RIKEN is leading a project to connect quantum computers with the supercomputer Fugaku through the development of new software. This integration will amplify the abilities of both systems, as quantum computers leverage superposition to process information—potentially exceeding the capabilities of conventional computers. The project aims to address the increasing need for supercomputer control as quantum computers advance.
RIKEN’s JHPC-quantum Project Integrates Quantum & Supercomputers
The RIKEN JHPC-quantum project, launched in November 2023, is developing crucial system software to connect quantum and supercomputers. This five-year collaboration involves RIKEN, the University of Tokyo, Osaka University, and SoftBank Corporation, with the latter focusing on industrial applications. Currently, two quantum computers are being tested – the ion trap Reimei from Quantinuum and the superconducting IBM Quantum System Two (ibm_kobe) – to ensure software compatibility regardless of which technology ultimately prevails. Researchers are evaluating these systems with 12 user groups across science, medicine, and technology to optimize performance.
While current quantum computers possess over 100 qubits, the project anticipates a need for supercomputer control as qubit counts increase to 1,000 or 10,000. This integration is considered unique globally, aiming for a tightly-coupled system where supercomputers assist quantum computers, rather than simply assigning calculations.
Quantum Superposition & Limitations of Classical Computation
Quantum computers leverage a principle called superposition, allowing qubits to represent multiple states simultaneously—a stark contrast to conventional bits limited to 0 or 1. This capability enables quantum systems to process far more information than classical computers for certain tasks, potentially solving problems currently intractable due to computational complexity. However, even with recent advancements exceeding 100 qubits, these computers still depend on conventional systems for control and initial programming.
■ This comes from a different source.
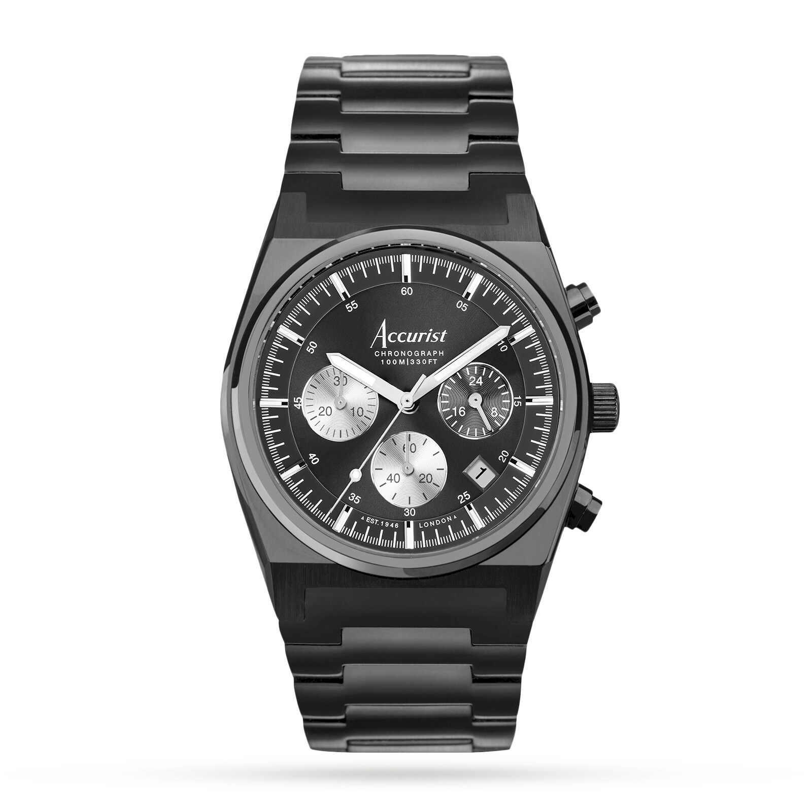 Inspired by 1970’s Accurist models, the watch is fastened with an interchangeable, black ion-plated stainless steel bracelet and has a black ion-plated solid stainless steel case enclosed by sapphire crystal glass. This watch is also water resistant up to 100 metres.

The limitations of classical computation become apparent when dealing with scenarios exhibiting a “computational explosion,” where the number of possibilities grows exponentially.
For instance, evaluating just 20 binary options requires considering over one million combinations, a task demanding immense time from supercomputers. Quantum computers excel at these complex calculations involving numerous combined options, making them valuable for fields like materials science and drug discovery, but require conventional computers to function effectively as a combined system.
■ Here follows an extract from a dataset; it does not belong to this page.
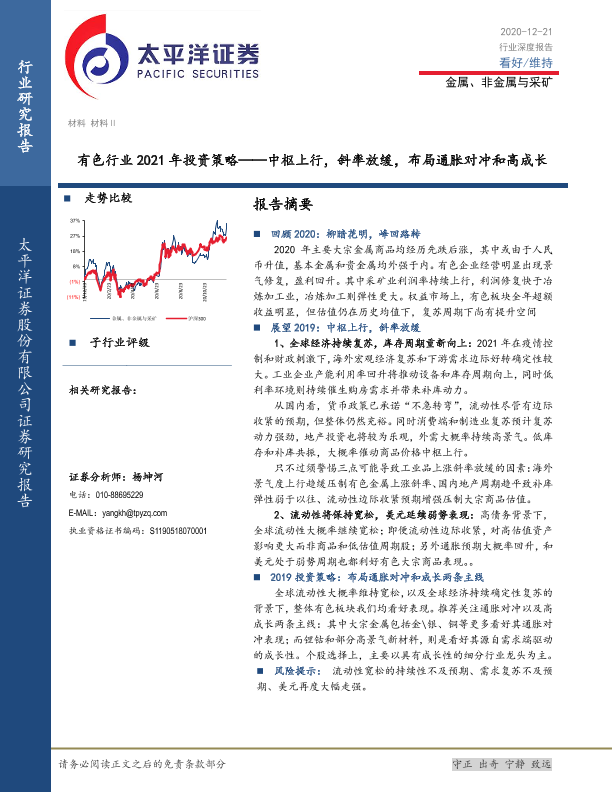 【太平洋证券】【20201221】有色行业2021年投资策略:中枢上行,斜率放缓,布局通胀对冲和高成长-29页

In the future, as quantum computers improve ten-fold or even a hundred-fold, control and communication will require much more help from supercomputer-level computing.
Mitsuhisa Sato
Reimei & IBM Quantum System Two: Diverse Hardware Testing
Reimei utilizes charged atoms manipulated by lasers, while the IBM system employs ultra-cold circuits allowing resistance-free electrical flow. Evaluating both technologies acknowledges the uncertainty surrounding which will ultimately dominate, ensuring software remains adaptable regardless of future advancements in qubit technology. These systems are undergoing evaluation with twelve user groups spanning scientific, medical, and technological fields, focusing on tightly integrated collaboration between quantum and supercomputing resources. Currently, leading quantum computers like IBM’s have surpassed 100 qubits, but effective operation at scale—potentially reaching 1,000 or even 10,000 qubits—requires the computational power of supercomputers to control and interpret results. This unique approach differs from other global efforts that typically assign specific calculations to quantum computers, rather than enabling direct programmatic connection.
Supercomputer Control Enables Expanding Quantum Capabilities
Supercomputer control is becoming increasingly vital as quantum computers grow in capability, currently exceeding 100 qubits. While quantum computers excel at specific, complex calculations—like those involving numerous combinations—they rely on conventional computers for instruction and operation, akin to a pianist playing a piano. Division Director Mitsuhisa Sato predicts that future quantum systems with 1,000 or even 10,000 qubits will necessitate supercomputer-level computing for effective control and communication. The RIKEN-led JHPC-quantum project focuses on developing system software to seamlessly link quantum and supercomputing resources.
Supercomputers currently struggle with “computational explosions” – problems where the number of possible solutions grows exponentially, such as evaluating 20 binary options requiring 1,000,000 computations; quantum computers offer a solution in these scenarios. This tight integration, unique globally, aims to delegate the most demanding calculations to quantum systems, boosting overall processing efficiency.